Whenever I try to make a complete cut (pass the full width of the bit through the material) the material violently jumps back. What am I doing wrong? I have tried going very slow, very fast, slowing the bit down a little (25k rpm router, speed control got it down to maybe 3/4 or 1/2 of full)... nothing seems to help. Is it just the wrong bit for the job (and if so, what bit is recommended for this?) or am I just missing something? I had a wood 4x4 handy - of course I couldn't cut completely through because its only a 1" long bit, but I had no problem making a deep slot in the middle of the 4x4.


----------



## Phil P (Jul 25, 2010)

idontcare said:


> Whenever I set the fence to take off say 1/16 or 1/8" off the edge it works fine and cuts well. I learned I have to go slow but otherwise it works as anticipated.
> 
> Whenever I try to make a complete cut (pass the full width of the bit through the material) the material violently jumps back. What am I doing wrong?


Hi

I think you have already answered your own question in many ways. Polycarbonate is quite a flexible plastic which has a tendency to compress under cutting and when the cutting pressure is reduced its' polymer memory causes it to spring back. For that reason it's often better to band saw or jigsaw to the approximate shape (i.e. only slightly oversize) then trim to finish with the router. Pretty much the same approach is required with lower grades of HDPE/MDPE, softer nylons and polyurethanes. In terms of feeds and speeds softer plastics are often best worked with lower spindle speeds (typically 12,000 to 18,000 rpm), but with a fairly high feed speed. That approach generates a chip as opposed to dust and reduces "churning" of waste materials in the cut (which makes for heat build-up and reduces surface quality in some materials due to "weld back" of waste). Dust extraction for the router also helps improve the quality of the cut and keeps the tool/material cooler. In the CNC world the technique employed when cutting plastics like polycarbonate is to make a rough cut of the material 0.5 to 1mm mm or so oversize then to do a finishing pass at the finished size. The spring back at the finish cut is much reduced and the problem of kick back disappears. For table routing the same effect could be had by attaching a layer of Formica laminate to the fence, taking a pass then removing the laminate for the finish pass, although this assumes that you aren't attempting to mill a slot exactly the same width as your cutter (not advisable BTW) 

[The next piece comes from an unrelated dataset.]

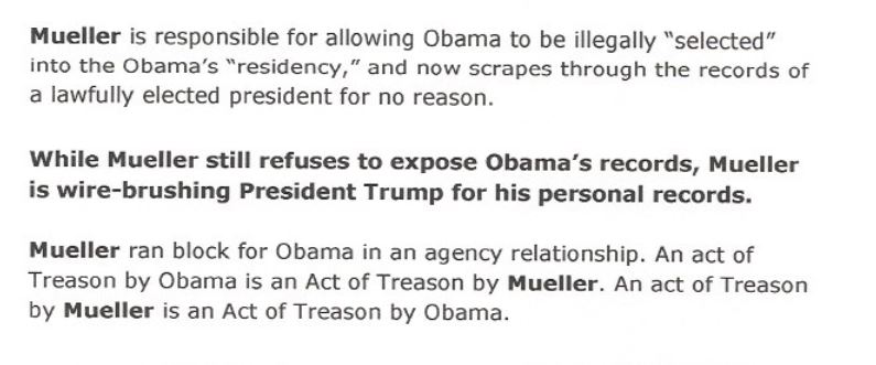 At the bottom of page 6, Fitzpatrick recounted his initial treason complaint against Obama, accusing Mueller of having “aided and abetted Barack Hussein Obama’s TREASON protecting Obama’s identity as a foreign born domestic enemy, standing guard over Obama’s sealed papers and past…” in an apparent reference to the dearth of paper documentation released by the Obama White House about its eight-year occupant.

For further reading I'd suggest taking a look at the Onsrud Cutters website (they specialise in plastics tooling for routers) and in particular at a section with expert papers on the subject. The most helpful for you might be the Van Niser article on machining polycarbonates

Hope this helps

Regards

Phil


----------



## Quillman (Aug 16, 2010)

Full thickness cuts require an offset fence to account for the waste, like a jointer.
Do not continue to do this. You might break the sample, the cutter or the work can get loose and go its own way.


----------



## idontcare (Sep 10, 2011)

Yep, I found that out about the offset fence during my experimenting. The kickback happens at the instant it hits the bit though before the stock has a chance to reach the far side of the fence. Only way around that is to use the router right-side-up with a straight edge against the base.

I'm just an average Joe in his garage at home. I have a hand held circular saw that cuts the polycarbonate well with a plywood blade but it's a royal pain getting everything square. I wanted to just use the router to get square cuts and not have to do further sanding to get a glue ready edge. Ideally I'd have a table saw but accurate saws aren't cheap.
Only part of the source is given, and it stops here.